= Simonian Farms =

Simonian Farms is a farm belonging to the Simonian family and is a renowned produce market and museum in Fresno, California. The produce market sells various local fruits, grains, and honey. The farm has become a local tourist attraction due to its produce, vineyards, fields, and orchards.

==Farm==
===History===
The farm was founded by Armenian immigrant Baghdasar Simonian in 1901. Simonian first arrived in Ellis Island, New York from Armenia in 1892. He settled in Fresno, California and started the Simonian Farms by producing raisins. The Simonian family was already familiar with agricultural practices from their native homeland. Since its establishment, the company continued to expand. The farm was eventually inherited by his son Michael.
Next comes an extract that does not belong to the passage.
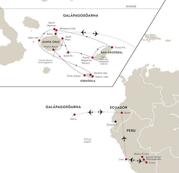 Den första delen av vårt äventyr sker på land. Vi lämnar Perus pulserande huvudstad Lima och flyger till inkarikets hjärta, Cusco, innan vi fortsätter upp till den heliga dalen ombord på ett lyxtåg och kommer fram till mytomspunna Machu Picchu. Besök ett traditionellt andinskt samhälle där uråldriga traditioner lever vidare, innan vi återvänder till Cusco för att utforska stadens kulturella och arkitektoniska sevärdheter. Därefter flyger vi till Ecuador och charmiga Quito, som brukar kallas ”staden med evig vår”.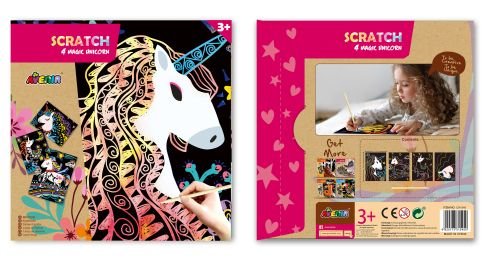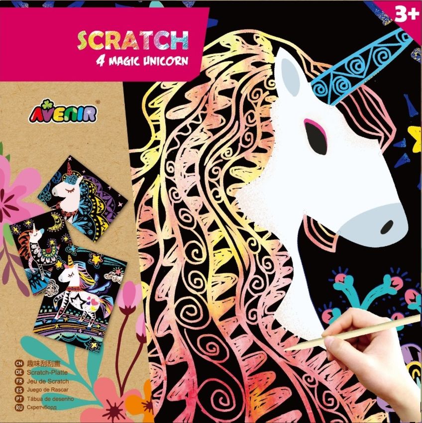 Avenir Scratch to zupełnie nowe podejście do prac ręcznych. Wyjątkowy arkusz, na którym tworzy się poprzez zdrapywanie warstwy wierzchniej, by odsłonić wielobarwną warstwę spodnią. Zabawka kreatywna najwyższych lotów, pozwalająca nie tylko tworzyć piękne prace, ale także dająca doświadczenia sensoryczne - dzięki użyciu odpowiedniego narzędzia i zachowywania się papieru podczas zabawy dziecko odbiera nowe wrażenia dotykowe. W zestawie są 4 magiczne jednorożce oraz patyczek do zdrapywania. Dla dzieci powyżej 3. roku życia. Opakowanie: 23 x 23 cm.

After Michael Simonian, the management of the farm was passed on to its current owners, and third generation of management, Bonnie and Dennis Simonian. Under the management of Dennis and Bonnie, the Farm expanded into a market and museum.

===Location===
The Simonian Farm is located on its original location on Clovis & Jensen Ave. The size of the property is 80 acres. The farm produces more than 180 crops and seasonal fruits which include cherries, peaches, nectarines, apricots, apples, pomegranates, blackberries, grapes, boysenberries, figs and persimmons. The vineyard is also used to produce signature wines. In 1995, President Bill Clinton visited the farm. The Simonian family was invited to attend Clinton's inauguration in January, 1997.

===Museum===
The museum called "Old Town" was opened in 2012 and has a western styled theme. The museum features various old artifacts such as automobiles, tractors, and farming equipment. The museum also features a Route 66 Shooting Range for the youth. When constructing the museum, Bonnie Simonian said that "We hope to tell the history of the Fresno area from the 1850s to the 1960s."